Next, we performed an analysis to determine the prevalence of each longitudinal regime in every subject. We observed that in all four subjects, bacteria categorized as rare or white noise accounted for over 50% of all rarefied ASVs (Fig. 4A) or even 70%–90% when raw counts are considered (Table S1). The next, most abundant group were the “temporal” bacteria (both “stable” and “unstable”). Moreover, every subject contained a small portion of prevalent and stable bacteria (Fig. 4A). Finally, for all subjects, we analyzed the temporal fluctuations of each longitudinal group over time. Interestingly, although the stable bacteria group representatives were less numerous, they constituted the majority of the time series in terms of abundance. This was followed by a smaller fraction of temporal bacteria (stable and unstable) exhibiting higher volatility. Additionally, rare bacteria appeared for short periods of time, and bacteria defined as white noise, despite being the most numerous group, were nearly undetectable when taking into account their abundance (Fig. 4B).

Fig 4.

Longitudinal characteristics of the human gut microbiome. (A) Barplots showing the number of bacteria exhibiting specific regimes in each subject. (B) The fluctuation in counts over time for each longitudinal regime using a stacked barplot. Panels represent male, female, donor A, and donor B regime fluctuations in time. The x-axis represents time points in days, and the y-axis represents relative abundance of particular regimes.

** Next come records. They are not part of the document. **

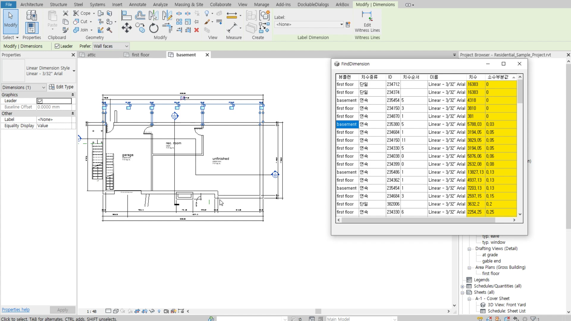 이를 위해 치수리스트를 만들고 원하는 치수를 찾아 변경하도록 하는 기능의 애드인입니다.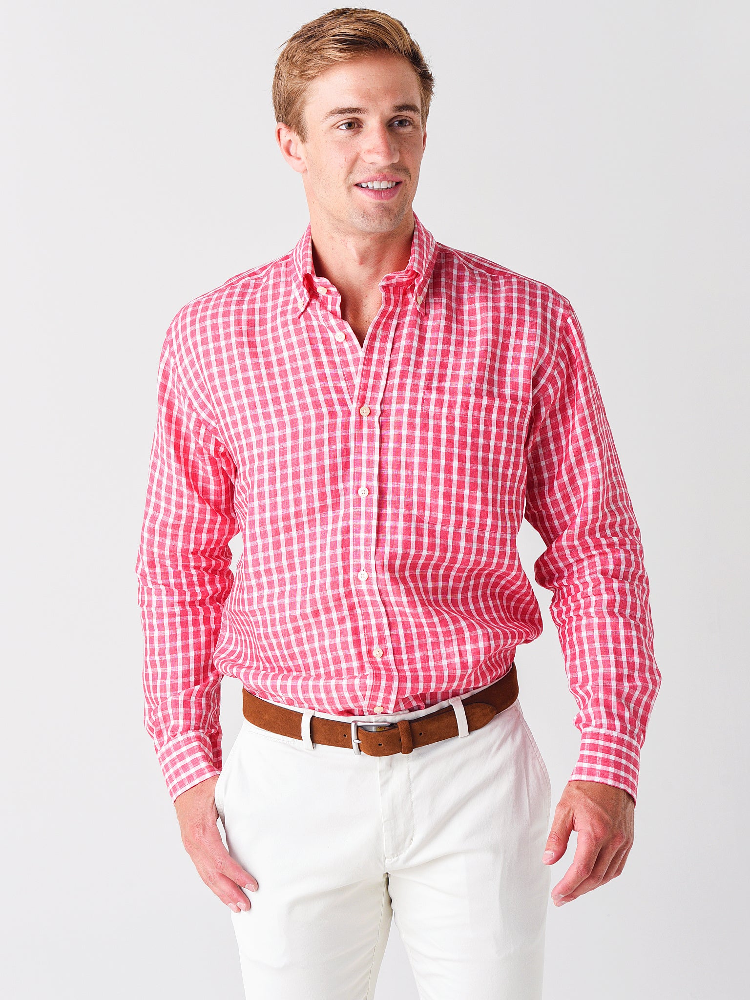 Saint Bernard Men's Linen Check Button-Down Shirt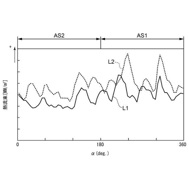 本開示の一実施形態における気筒の内壁面の熱流束の周方向分布を説明するためのグラフである。
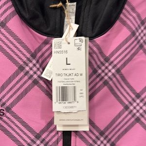 Stylish Adidas jacket with a pink plaid pattern. Features a full zip and side pockets. Perfect for casual wear.
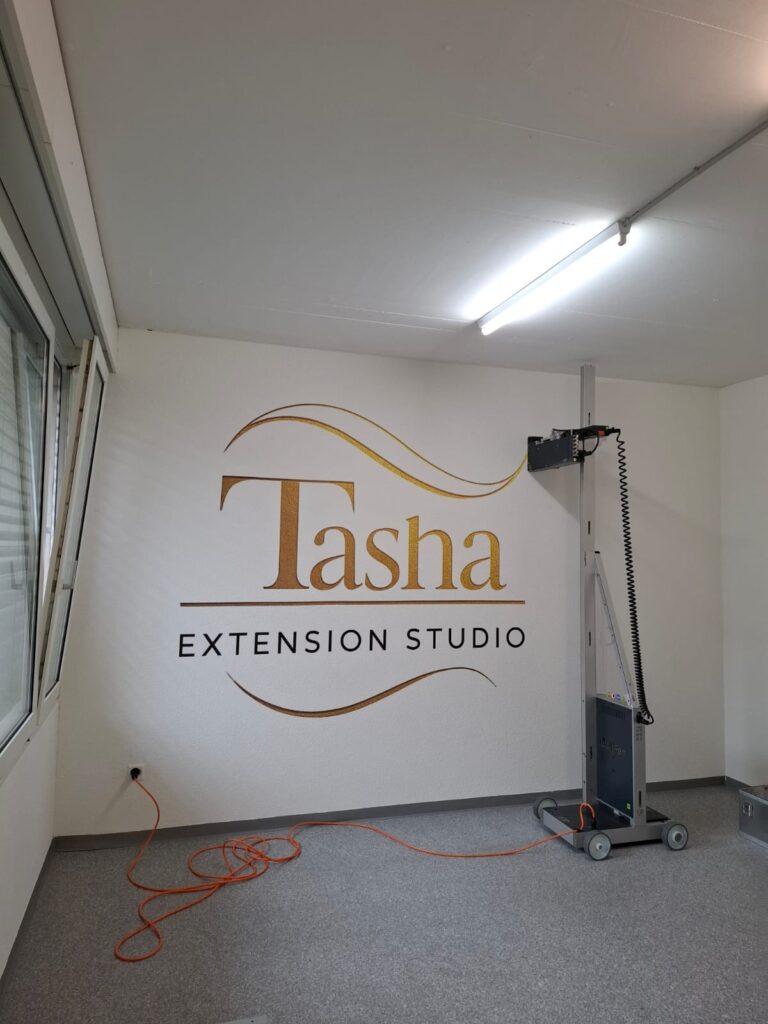 Erstelle professionelle Beschriftungen und Leitsysteme direkt auf die Wand - innen und aussen.

Analysis of bacterial clusters

In order to shed more light on bacterial redundancy (i.e., how many bacteria behave similarly) and their relationships, we performed cluster analysis. First, for each subject, we computed proportionality (which is a recommended method for correlation analysis of compositional data (28). The proportionality matrix ρ (of shape N × N, where N is the number of all species in the data set) has been transformed to a pseudosimilarity matrix as |ρ|, meaning that any two species that correlate or anti-correlate have a similarity of 1 and 0 if they do not (this reflects the fact that they may be some dependency between them and should be placed close to each other in the graph). Next, we generated NetworkX graphs using spring layout (see details in Materials and Methods). Results are presented in Fig. 5.

Fig 5.

Cluster analysis performed with NetworkX. (A) Network (one panel per subject) of bacterial species (nodes) where connections (edges) represent proportionality equal or stronger than ρ_thr = 0.6 (equivalent to |ρ| ≥0.6). Colors correspond to longitudinal regimes defined in the Individual Features Analysis section (“none” represents bacteria that did not pass rarefaction). The red circle in each panel separates the inner part from the “cloud.” (B) change in total counts after rarefaction over time for male subjects stratified by regime (color) and group of bacteria (panels), i.e., cloud, largest connected components (indicated by numbers in the graphs), and the rest. (C) The same as in panel B but for donor B. In panels B and C, we excluded components comprising only rare species. R_cloud represents a diameter that separates the inner part from the cloud. (D) PC1 + PC2 loading against ρ_thr for bacteria located in the cloud and largest connected components.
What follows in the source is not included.